# 1. 任務
針對一個 SQL database，進行自然語言的問，產出自然語言的答。


以下我們以 Chinook 資料庫為範例（Chinook database 紀錄了關於一家線上音樂商店的資訊），詢問它的員工數，並希望它回答八人。

In [1]:
from pprint import pprint
from langchain_experimental.sql.base import SQLDatabase, SQLDatabaseChain
from langchain_setup import ChatOpenAI, tracing_v2_enabled_if_api_key_set


db = SQLDatabase.from_uri("sqlite:///../data/Chinook.db")
db_chain = SQLDatabaseChain.from_llm(ChatOpenAI(temperature=0), db)
with tracing_v2_enabled_if_api_key_set(project_name='tutorial'):
    db_chain.run("How many employees are there?")

[LangSmith URL]: https://smith.langchain.com/o/34ec837d-8405-462d-b949-fdfaebda792b/projects/p/fdcbda35-4d3a-418b-ab49-7e3205e630a6/r/3698c75f-a710-4246-8876-e0cb8efa2eec?poll=true


# 2. 機制
`SQLDatabaseChain` 底層會做以下的事情：
1. 建構 prompt，其中包含背景資訊、資料庫格式、使用者問題
2. LLM API: 產生 SQL query
3. 資料庫執行 SQL query，回傳結果
4. LLM API: 將上一次的 prompt 後面加上 SQL query 和結果，產生自然語言的回答

## 2.1 Prompt
其 Prompt 可以分成數個部分
- System: 設定角色、解釋任務內容、條列要求
- Format: 設定輸出的格式
- Context: 每次呼叫都可能不同、解決任務所需的資訊
- Question: 使用者輸入

In [2]:
print(db_chain.llm_chain.prompt.template)

You are a SQLite expert. Given an input question, first create a syntactically correct SQLite query to run, then look at the results of the query and return the answer to the input question.
Unless the user specifies in the question a specific number of examples to obtain, query for at most {top_k} results using the LIMIT clause as per SQLite. You can order the results to return the most informative data in the database.
Never query for all columns from a table. You must query only the columns that are needed to answer the question. Wrap each column name in double quotes (") to denote them as delimited identifiers.
Pay attention to use only the column names you can see in the tables below. Be careful to not query for columns that do not exist. Also, pay attention to which column is in which table.
Pay attention to use date('now') function to get the current date, if the question involves "today".

Use the following format:

Question: Question here
SQLQuery: SQL Query to run
SQLResult: 

接下來我們可以來看在`SQLDatabaseChain`中，如何描述 SQL tables，它用了一個很聰明的方法，就是用程式碼來敘述。
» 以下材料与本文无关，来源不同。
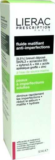 Les produits de la gamme peaux à imperfections adultes de LIERAC PRESCRIPTION sont conçus pour offrir des soins ciblés aux peaux ternes, brillantes, à pores dilatés et imperfections visibles grâce à des actifs rigoureusement sélectionnés pour leurs propriétés rééquilibrantes, sébo-régulatrices, assainissantes, apaisantes ou hydratantes. Tous les soins sont testés sous contrôle dermatologique, hypoallergéniques, non comédogènes, sans paraben ni colorant et leur parfum est sans allergène. Le fluide matifiant, à la texture légère et non grasse, est spécialement formulé pour matifier, hydrater et réduire les imperfections des peaux mixtes adultes. Sa composition associe la technologie SKRL3 : eau de source marine/probiotique/ sucre biotechnologique qui répare, rééquilibre et protège la barrière cutanée, à de l’Acnacidol BG aux propriétés sébo-régulatrices, du Sytenol A apaisant, 3 hydroxy acides, de l’acide azélaïque antiseptique greffé sur de la glycérine hydratante, du zinc anti-oxydant et purifiant et des poudres absorbantes pour matifier la peau.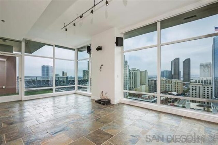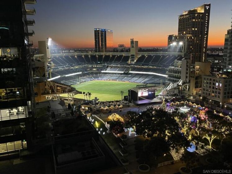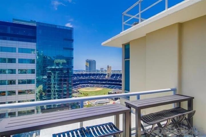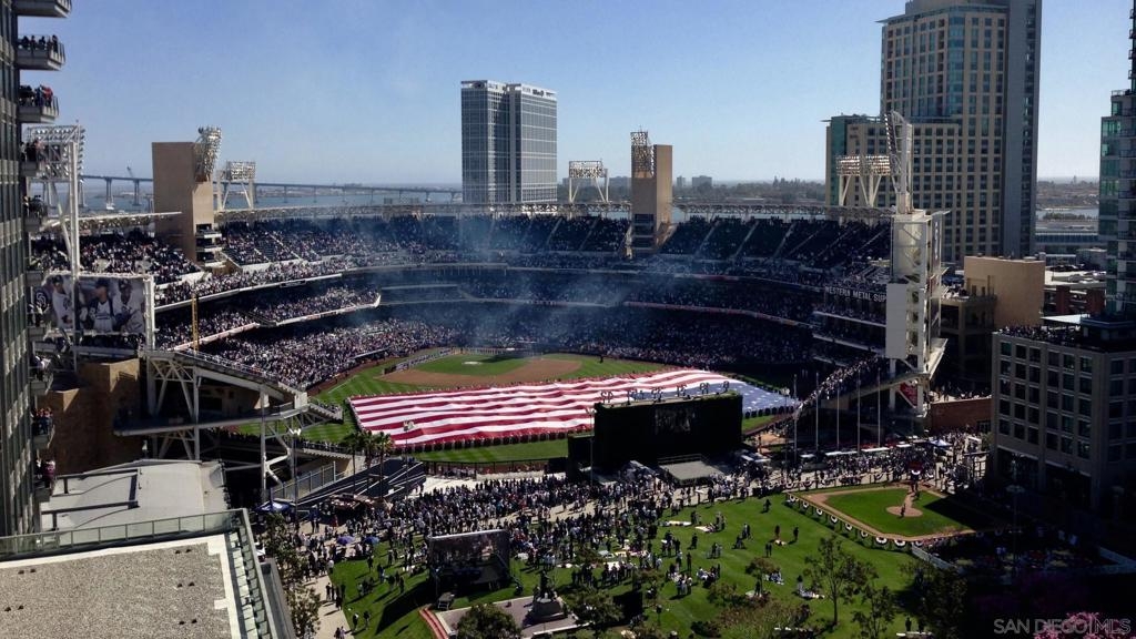 PREMIERE PETCO VIEW CONDO... See Home Plate & watch the game! Hear the crowd and relax in the comfort of your own home or walk across the street and YOU'RE IN THE BALLPARK! Stunning bay, city & ballpark views from TWO private balconies AND from inside this Penthouse residence... Definitely one of the most DRAMATIC & EXCITING views you'll ever see! Dynamite location in East Village, walk to everything. Arguably one of the BEST POSITIONED buildings in East Village and clearly a FAN FAVORITE! See Supplement... Well-appointed 2BD/2 BA with slab granite counters, stainless appliances, TWO generous balconies and washer/dryer in unit. Desirable location in East Village - Across the street from upscale fitness center, walk to coffee, restaurants, shopping and entertainment. Secure building with fitness center, community room, rooftop BBQ area that features large patio and views into Petco. TWO parking spaces in secure underground garage and storage area included. Rare opportunity!

我個人猜測，程式碼是ＬＬＭ看過並學習過的格式，比起自己想一個格式來描述並希望ＬＬＭ理解可能更好。另外它也提供了範例來讓ＬＬＭ了解各個 table 實際上的內容。

In [3]:
print(db_chain.database.get_table_info())


CREATE TABLE "Album" (
	"AlbumId" INTEGER NOT NULL, 
	"Title" NVARCHAR(160) NOT NULL, 
	"ArtistId" INTEGER NOT NULL, 
	PRIMARY KEY ("AlbumId"), 
	FOREIGN KEY("ArtistId") REFERENCES "Artist" ("ArtistId")
)

/*
3 rows from Album table:
AlbumId	Title	ArtistId
1	For Those About To Rock We Salute You	1
2	Balls to the Wall	2
3	Restless and Wild	2
*/


CREATE TABLE "Artist" (
	"ArtistId" INTEGER NOT NULL, 
	"Name" NVARCHAR(120), 
	PRIMARY KEY ("ArtistId")
)

/*
3 rows from Artist table:
ArtistId	Name
1	AC/DC
2	Accept
3	Aerosmith
*/


CREATE TABLE "Customer" (
	"CustomerId" INTEGER NOT NULL, 
	"FirstName" NVARCHAR(40) NOT NULL, 
	"LastName" NVARCHAR(20) NOT NULL, 
	"Company" NVARCHAR(80), 
	"Address" NVARCHAR(70), 
	"City" NVARCHAR(40), 
	"State" NVARCHAR(40), 
	"Country" NVARCHAR(40), 
	"PostalCode" NVARCHAR(10), 
	"Phone" NVARCHAR(24), 
	"Fax" NVARCHAR(24), 
	"Email" NVARCHAR(60) NOT NULL, 
	"SupportRepId" INTEGER, 
	PRIMARY KEY ("CustomerId"), 
	FOREIGN KEY("SupportRepId") REFERENCES "Empl

**想想看: 例如以顧客基因的資料字典來說，欄位有四百多個，其中包含欄位名`TOTAL_FC` (外幣總存款)、欄位名`DAWHO_FG` (可能值為 0 <無等級>, 1 <(大大等級>, 2 <(大戶等級>)。這樣的情況列舉欄位名稱跟舉例其值會發生什麼問題？又該如何解決呢？**

## 2.2 流程
這邊以簡化過的例子來展示實際的流程
1. 建構 prompt，其中包含背景資訊、資料庫格式、使用者問題
```
....
{table_info}
Question: How many employees are there?
```
2. LLM API: 產生 SQL query
```
...
{table_info}
Question: How many employees are there?
SQLQuery:SELECT COUNT(*) FROM Employee;
```
3. 資料庫執行 SQL query，回傳結果
```
...
{table_info}
Question: How many employees are there?
SQLQuery:SELECT COUNT(*) FROM Employee;
SQLResult: [(8,)]
```
4. LLM API: 將上一次的 prompt 後面加上 SQL query 和結果，產生自然語言的回答
```
...
{table_info}
Question: How many employees are there?
SQLQuery:SELECT COUNT(*) FROM Employee;
SQLResult: [(8,)]
Answer:There are 8 employees.
```

# 3. 資安
`SQLDatabaseChain` 也提供了一個選項 `return_direct`, 使其直接回傳 SQL Query 執行後的值，目的是讓 LLM 看不到資料庫裡的值 （只能看到 schema）。

In [4]:
db_chain = SQLDatabaseChain.from_llm(ChatOpenAI(temperature=0), db, return_direct=True, verbose=True)
db_chain.run("How many employees are there?")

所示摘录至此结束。